Whatley, W. and Gillezeau, R. (2011). The Impact of the Transatlantic Slave Trade on Ethnic
Stratification in Africa. American Economic Review 101, pp. 571–576.
Appendix: Population estimates of the pre-colonial Gold Coast
Population estimates from the Gold Coast are fraught with uncertainties. Ray Kea has
assembled information from a lot of different qualitative sources in order to arrive at a very
rough estimate of the population on the Coast around the middle of the 17th century. His
conclusion is that there might have been around 120,000 to 150,000 people living in towns
and cities on the Gold Coast at this time. He also argues that the urban population might have
constituted of around 10 per cent of the total population (Kea 1982:35). The total population
on the Gold Coast might thus, according to Kea, at this time have amounted to somewhere
between 1.2 and 1.5 million people. Harvey Feinberg has however criticized Kea’s estimates
for being inconsistent and imprecise, and therefore quite unreliable (Feinberg 1989:83).

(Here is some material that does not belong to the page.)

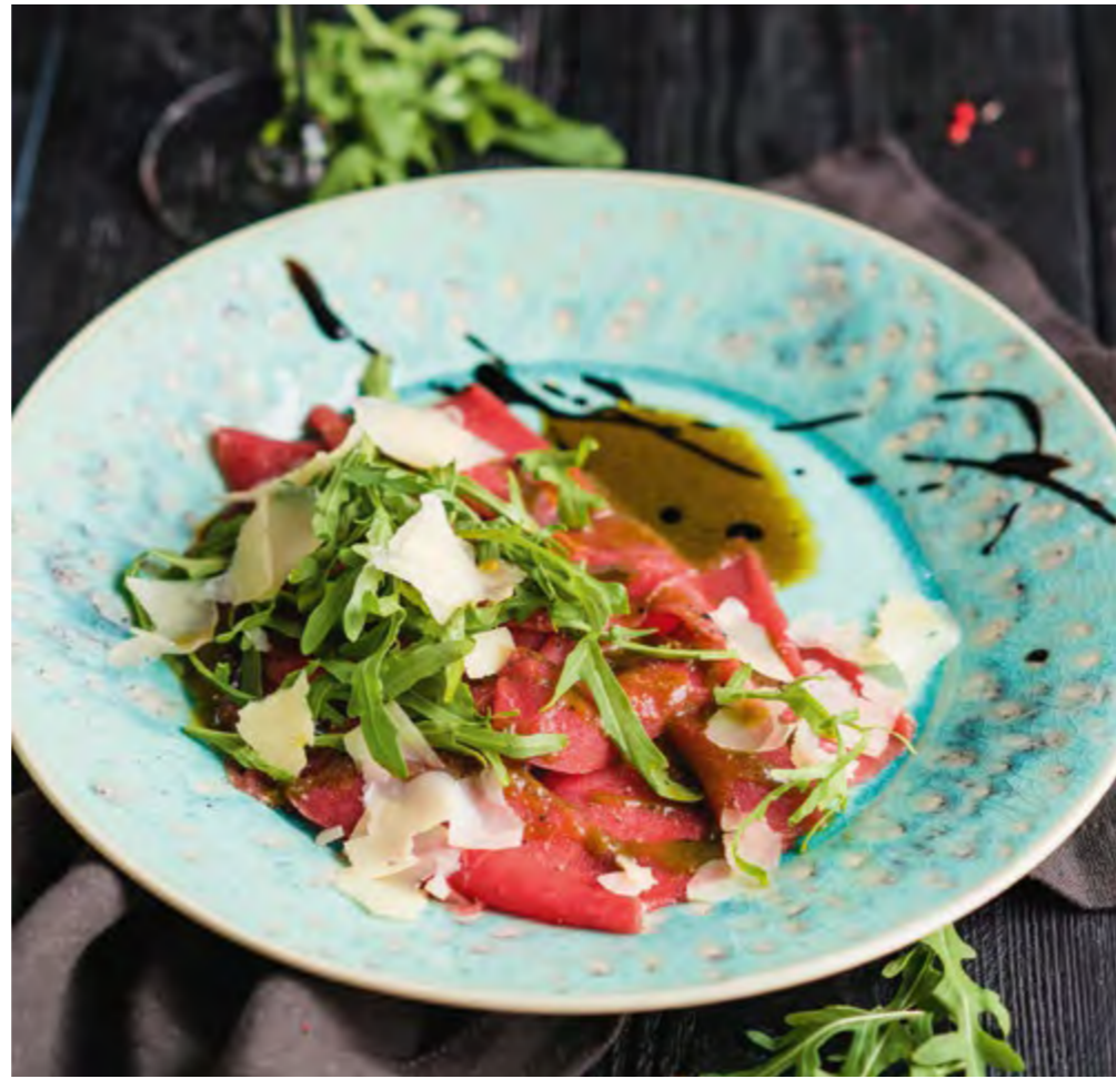
КАРПАЧО ИЗ ГОВЯДИНЫ BEEF CARPACCIO
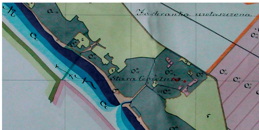
Cegielnia w Jachrance na mapie z XIX w.

W drugiej połowie lat 70. XX wieku działały tu również Ochotnicze Hufce Pracy dla chłopców i dziewcząt.

More recently, Patrick Manning has attempted to make backward projections of the
population in Africa from censuses done in the 20th century. In these projections, Manning
makes assumptions about the default historical population growth rate (based on a comparison
with population growth rates in India), and then takes into account a number of contributing
factors impacting each specific region in Africa, including for example estimates of the
external slave trade, epidemics and migration (Manning 2009). What interest us here in
particular are Manning’s estimates for the Akan-dominated parts of the Gold Coast. In the
estimates the population in this region amounted to some 2.3 million people in the 1850s.
Projecting the population estimates even further backwards, Manning also estimates that the
population of the same region had been around 2.9 million people by the early 18th century,
implying a quite drastic population decrease during the 18th century (Manning 2013).

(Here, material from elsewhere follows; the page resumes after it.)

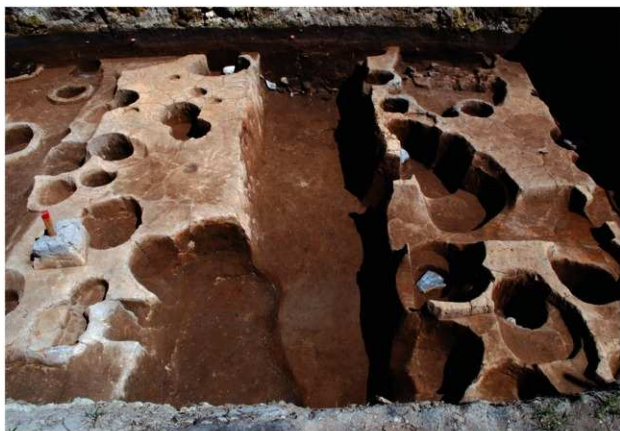
区域2 SD028完掘状況 (西から)
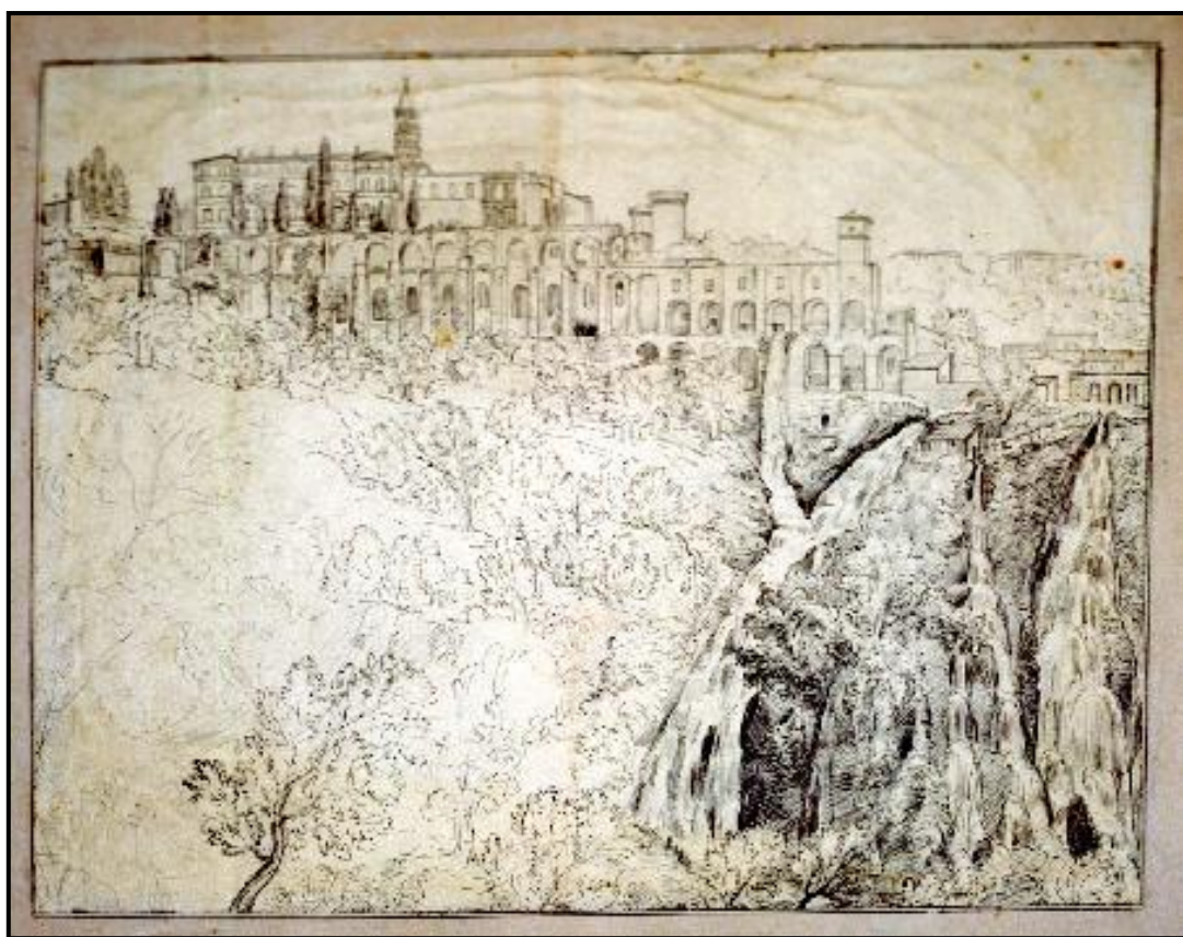
Fig.4: Vista de la villa de Mecenas en Tivoli (Italia). Museo Lázaro Galdiano. 1822-1831

Ewout Frankema and Morten Jerven on the other hand argue that the assumptions Manning
make about population growth in the region are unrealistically low, arguing that the growth
rates in Africa probably ought to be compared to those of for example Southeast Asia
(Indonesia and the Philippines) rather than India. When using these figures to extrapolate
population figures backwards in time, Manning therefore arrives at an estimate of the size of
the population in 1850 which is way too high. Using Frankema and Jerven’s figures, instead,
the population on the Akan-dominated part of the Gold Coast might at the time have
amounted to some 1.3 million people only (Frankema and Jerven 2014).
In order to bias any results against the hypothesis of the paper, it is important to not
overestimate the size of the local population. For that reason, it might be useful to use
Frankema and Jerven’s estimates for the 1850s, but project them further backwards using the
model suggested by Manning for the period 1700-1850. This is done in table A1. These
figures are then used for a calculation of the local demand for foodstuffs (see graph 2).

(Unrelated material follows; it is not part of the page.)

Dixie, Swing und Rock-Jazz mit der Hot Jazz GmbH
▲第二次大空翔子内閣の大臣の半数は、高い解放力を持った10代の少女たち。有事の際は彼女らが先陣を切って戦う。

Since one central aspect of the issue is the extent to which the demand from the slave trade
contributed to the growth of a commercial agriculture, an important aspect is how large the
production for markets was relative to subsistence production. Here, the ratio of the domestic
urban population will be used as a proxy for this, assuming that the urban populations largely
had to be fed by agricultural production in a rural hinterland aimed at urban markets. Ray Kea
has guesstimated that the urban population might have amounted to ten per cent (or more) of
the population (Kea 1982:26, 35), a guesstimate that is also assumed in this paper for lack of
any more precise data.
Table A1. Population estimates for the Akan-speaking parts of the Gold Coast
Manning’s estimates Frankema and Jerven’s 1850
estimate (with backward
projections)
1700 2,900,000 * 1,650,000
1750 2,650,000 * 1,500,000
1800 2,400,000 * 1,350,000
1850 2,300,000 * 1,300,000 **
Sources: * = Manning 2009, Manning 2013; ** = Frankema and Jerven 2014. Other figures, in italics, are
backward projections from Frankema & Jerven’s 1850 estimate, using Manning’s backward projection
variables for the period 1700-1850 (Manning 2013).